具合の良いことにアルジェリア人質事件が「終わった」ため、フランス空軍は、さらにマリへの空爆を続けていて、これに対して米軍が協力の度合を強める、という合意がなされた、ということである。
我々は、以前にもまったく風景を見たことがあって、その時の「敵」はベトナムだった。ベトナムは、戦時中は日本語で言う「仏印」であって、そこは日本が支配する地域だった。フランスは、本国がドイツによる傀儡政権になってしまったくらいだから、到底アジアの植民地を維持する能力がなく、日本軍にまんまと隙を突かれた訳である。
そして、日本の敗戦は、ベトナム独立運動を行って来たホー・チ・ミンらにとっては願ってもないチャンスだったのだが、旧宗主国のフランスは、それをやすやすとは許さない。しかし、フランス軍は、なぜか弱い。なかなか勝てないでいる間に、戦後の冷戦構造を構築した後のアメリカにとって、朝鮮戦争が休戦になってしまったために、一種の「血に飢えた」連中を今度はベトナムに投入することにしたのである。フランスにとっては、おめおめとアジア人の独立を許すよりは、アメリカに「正義の戦い」を戦ってもらい、自分は、勝手知ったる現地の利権だけは確保しようという「漁夫の利」戦法を取る。
かくして、いつしかベトナムはアメリカの戦いになってしまって、結局はアメリカもベトナム人に敗れる、という予想外の結果となる。アジア系が実は欧米よりも強かった、という事例としては、日露戦争以来の快挙だったろう。
さて、今度もアメリカは、イラク、アフガニスタン以後の戦場を求めている。戦争もまた、それによってカネや名誉や権力を得る人々がいる以上、紛争が存在しなければならないから、商売のネタがなくなれば、別のネタを作り出さざるを得ない。

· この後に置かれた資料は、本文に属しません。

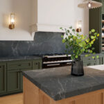 Donkere grijstinten vermengen zich met warmbruine accenten, in een ingewikkelde reeks die wordt versterkt door kleine vlekjes en oxidatie-effecten die de esthetische onzuiverheden van natuursteen weergeven, terwijl witte organische aderen gemengd met fijnere kalkachtige lijnen richting en dramatisch effect geven, in een Honed-afwerking.
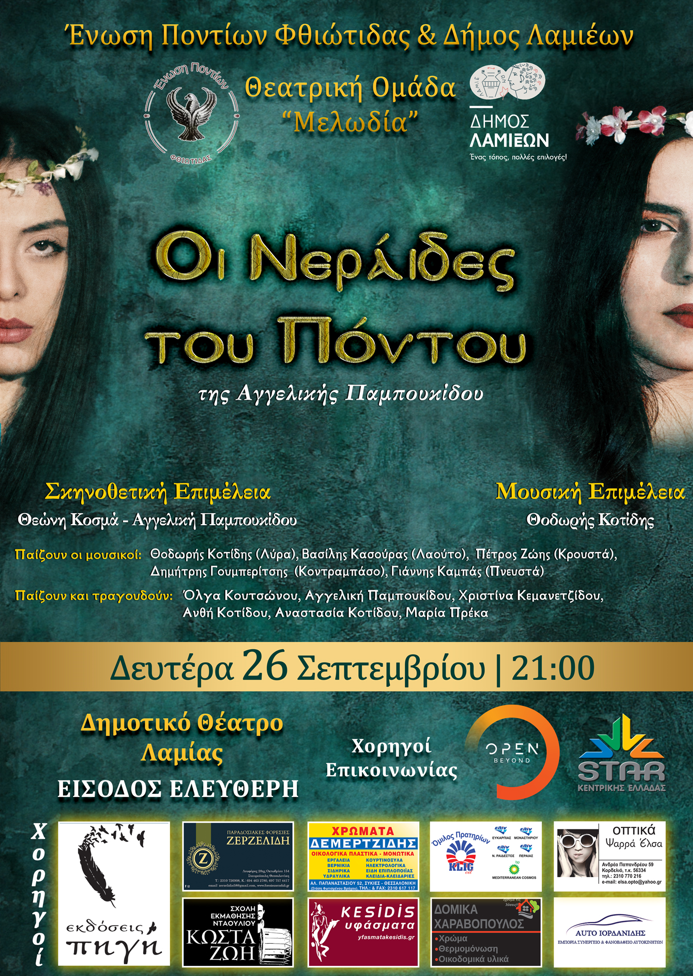 Η Ένωση Ποντίων Φθιώτιδας σας προσκαλεί στη μουσικοθεατρική παράσταση "οι Νεράιδες του Πόντου", τη Δευτέρα, 26 Σεπτεμβρίου και ώρα 09:00 μ.μ., στο Δημοτικό θέατρο Λαμίας.

もちろん、アメリカ自身の立場は、ベトナムに参戦した頃とは事情が異なる。冷戦はイデオロギーの戦いであったから、その意味で、ベトナムにまで行って、「ベトコン」を退治することは、一種の聖戦であることが可能だった。ベトナムの英雄は、国家によって顕彰される存在であった。
しかし、今現在戦われている「テロとの戦い」においては、現実的にどこにも英雄がいない。実際にそこで戦っている主要な部隊は、戦争を受注した請負会社の社員たちであって、彼らは単にカネのために戦う傭兵でしかない。
そこで立ち現れる問題は、アメリカが「財政の壁」と戦わねばならない、という事情である。戦争会社を雇うとしても、その原資は連邦政府の国防費である。この国防費が削られれば、いかにサハラで戦いたくても、軍事力を発注出来ないことになる。
フランスは、ベトナム同様、戦争好きなアメリカに実際の戦闘行為を任せたいだろうし、アメリカの戦争屋は、このビッグ・ビジネスをぜひ受注したいだろうが、なかなかそうも行かない。
地上戦でベトナムのジャングルという難敵に懲りたフランスは、今のところ空爆を頼りにしているが、本当に反政府勢力を潰すためには、砂漠での戦いを与儀なくされる。ジャングルで弱かったフランス軍が砂漠でなら強い、とはとうてい思えない。それに、アフリカの反政府勢力は、リビアのカダフィ政権が貯蔵していた最新鋭の兵器を大量に入手しているとされる。地上勢力は相当にパワー・アップしていると想定せざるを得ない。
もしも砂漠にも鞍馬天狗がいるならば、「スギサク、アフリカの夜明けは近い」と少年たちに語りかけているかも知れない。